02.05.2011
Die Reaktionen auf den während eines US Kommandoeinsatzes in Pakistan getöteten Osama bin Laden sind unterschiedlich. Sie reichen von Erleichterung bis zu Euphorie. Repräsentanten demokratischer Staaten gratulierten dem US – Präsidenten zur Tötung Osama bin Ladens.
Doch ist dies ein durchschlagender Sieg? Eher nicht.
Das Terrornetzwerk Al Qaida (deutsch „die Basis“) verfügt über keine hierarchischen Kommandostrukturen. Es ist ein loses weltweit operierendes Terrornetzwerk. Bin Laden war sicher nicht die Autorität, bei der alle Stränge zusammen liefen. Deshalb fällt sein Tod auch nicht wesentlich ins Gewicht. Er wird ersetzt durch einen mindestens genau so radikal denkenden und handelnden Islamisten. Allerdings Rache ruft diese Exekution schon auf die Tagesordnung.
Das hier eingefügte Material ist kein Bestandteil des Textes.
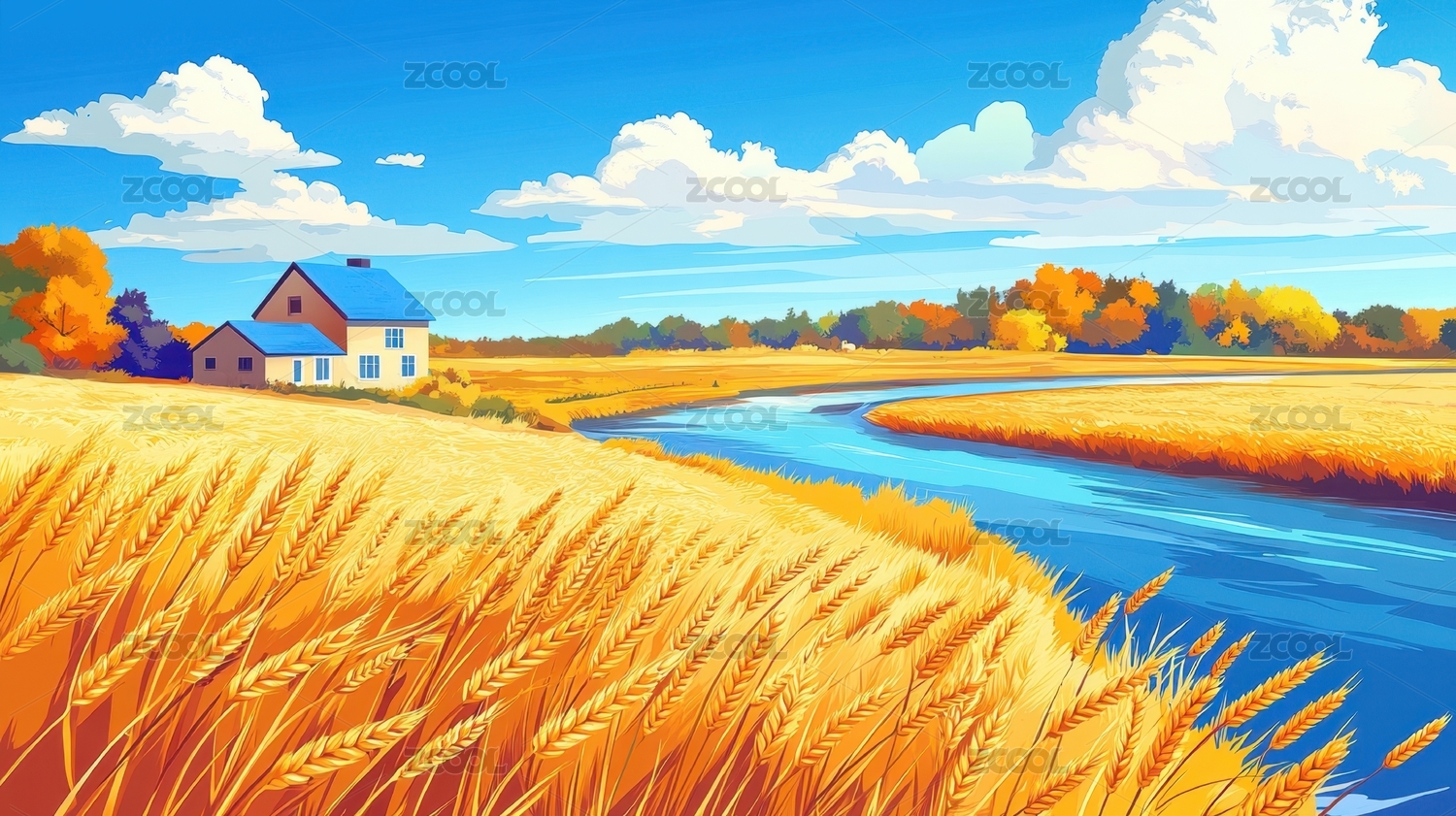 AIGC202402,秋天,立秋,秋分,节气,麦子,秋收,卡通,插画,小麦
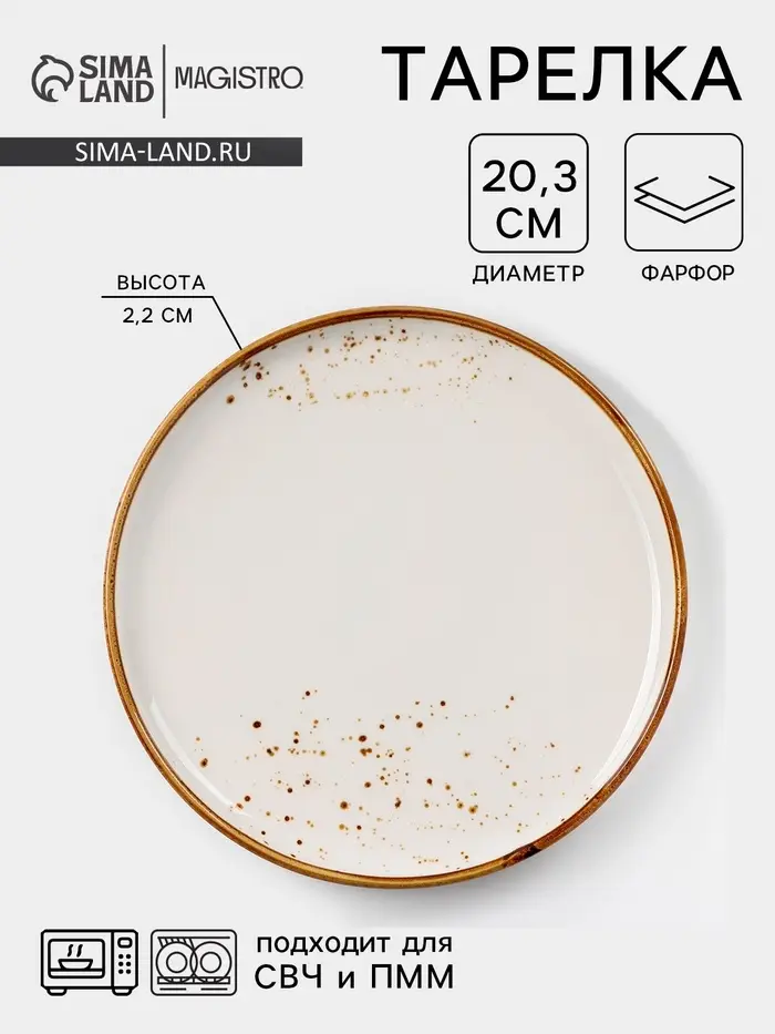 Тарелка Magistro «Церера», d=20.3 см, фарфор, белая

Osama bin Laden war eher das „Gesicht“ des Terrornetzwerkes. Und er war das personifizierte Feindbild, das die Amerikaner schufen, um den Krieg in Afghanistan zu rechtfertigen. Dieser Eroberungskrieg hatte in den letzten Jahren wenig mit der Bekämpfung des Netzwerkes Al Qaida zu tun.
Sicher wäre es ein echter Erfolg des Zugriffes gewesen, wenn Osama lebend gefangen genommen und vor ein Gericht gestellt worden wäre. Aber das war entweder nicht möglich oder nicht gewollt.
Die Exekution Osama bin Ladens jetzt zum Anlass zu nehmen, den sofortigen Abzug der westlichen Truppen aus Afghanistan zu fordern ist nicht schlüssig. Das könnte den Schluss zulassen, die über 130.000 Soldaten seien zur Ausschaltung alleine eines Terroristen nebst seiner Sicherheitsumgebung erforderlich gewesen. Der Abzug der Truppen, deren Hauptaufgabe die Niederschlagung eines Aufstandes der Afghanen gegen die durch den Westen installierte Regierung ist, hätte längst erfolgen müssen. Dies hätte viele unschuldige Opfer und viel Leid erspart. Das Netzwerk Al Qaida ist schon seit Jahren kaum noch in Afghanistan aktiv, sondern hat seine Aktivitäten auf andere Regionen dieser Welt verlegt.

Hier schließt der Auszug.